- _Provided material_
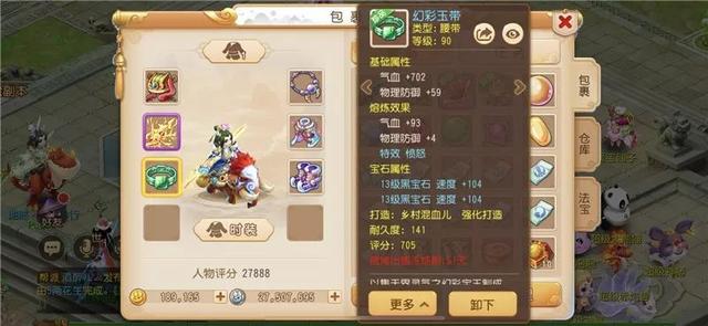 号上的腰带是件13段90级愤怒腰带,腰带的基础气血795,物防63,在90级腰带里算是不错的了。腰带上的宝石选择了黑宝石来增加人物的速度属性。愤怒特效是PK爱好者必备的特效,懂的少侠自然懂。
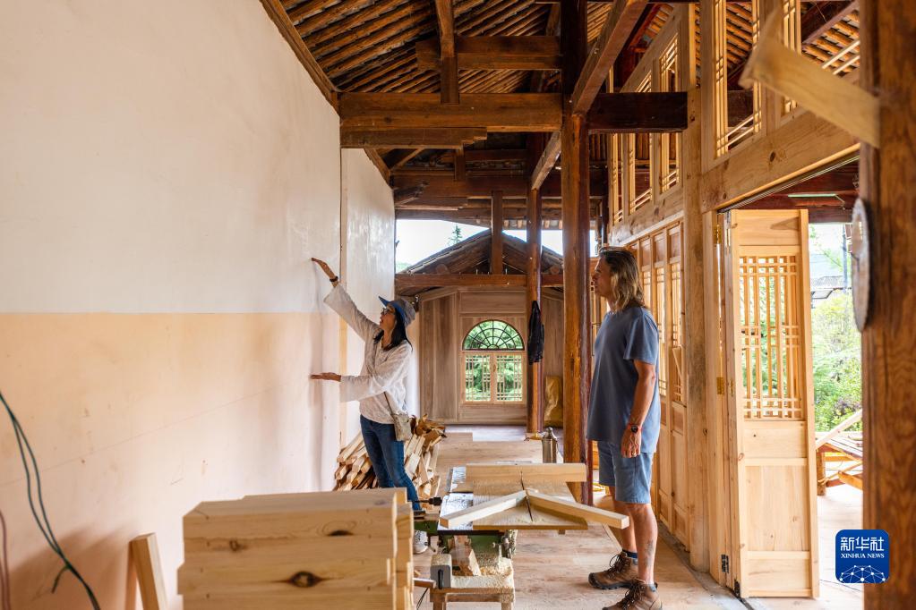 8月31日,林登和妻子瑾妮在沙溪鎮(zhèn)石龍村討論鄉(xiāng)村圖書館的設(shè)計(jì)。新華社記者 曹夢瑤 攝
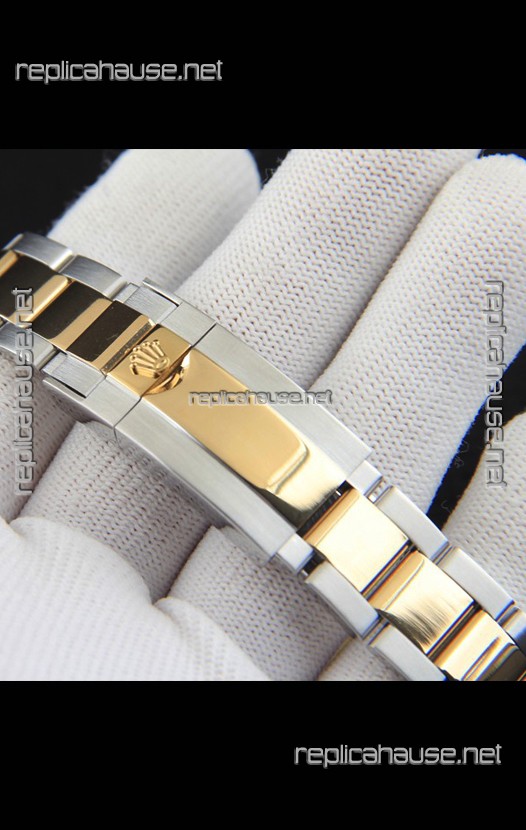Two Tone 18K Gold Plating on 904L Solid Stainless Steel Case with Rolex Markings and Engravings
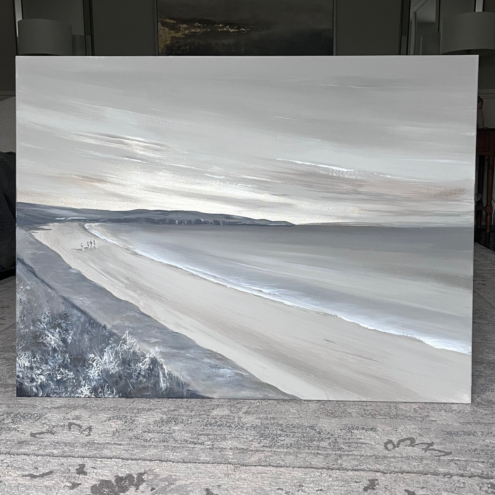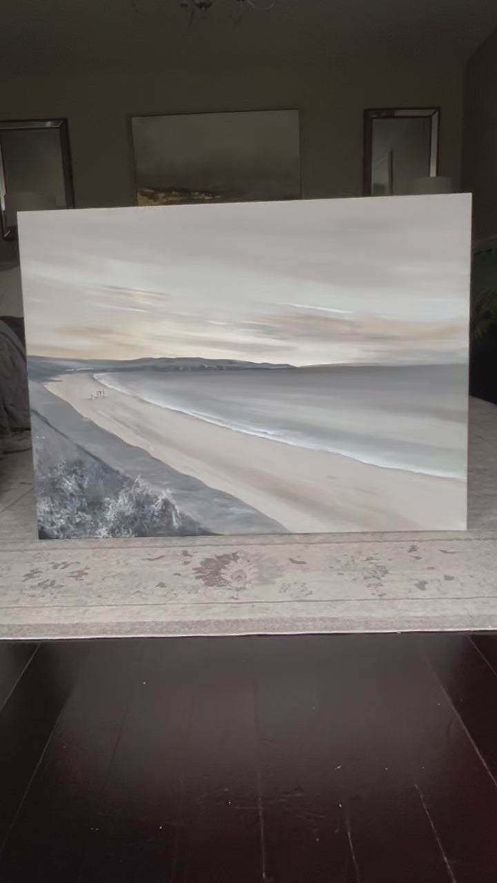 Bring the calming essence of the coast into your space with “Seaside Stroll”, a serene seascape that captures the quiet beauty of a wide, open beach stretching gently into the distance. Rendered in soft, monochromatic tones of grey, ivory, and muted blues, this painting evokes a sense of peace and timelessness.

- _Your assignment_
In your copy, leave out the pictures and reproduce the material above exactly.

- _Output below_
 号上的腰带是件13段90级愤怒腰带,腰带的基础气血795,物防63,在90级腰带里算是不错的了。腰带上的宝石选择了黑宝石来增加人物的速度属性。愤怒特效是PK爱好者必备的特效,懂的少侠自然懂。
 8月31日,林登和妻子瑾妮在沙溪鎮(zhèn)石龍村討論鄉(xiāng)村圖書館的設(shè)計(jì)。新華社記者 曹夢瑤 攝
Two Tone 18K Gold Plating on 904L Solid Stainless Steel Case with Rolex Markings and Engravings
 Bring the calming essence of the coast into your space with “Seaside Stroll”, a serene seascape that captures the quiet beauty of a wide, open beach stretching gently into the distance. Rendered in soft, monochromatic tones of grey, ivory, and muted blues, this painting evokes a sense of peace and timelessness.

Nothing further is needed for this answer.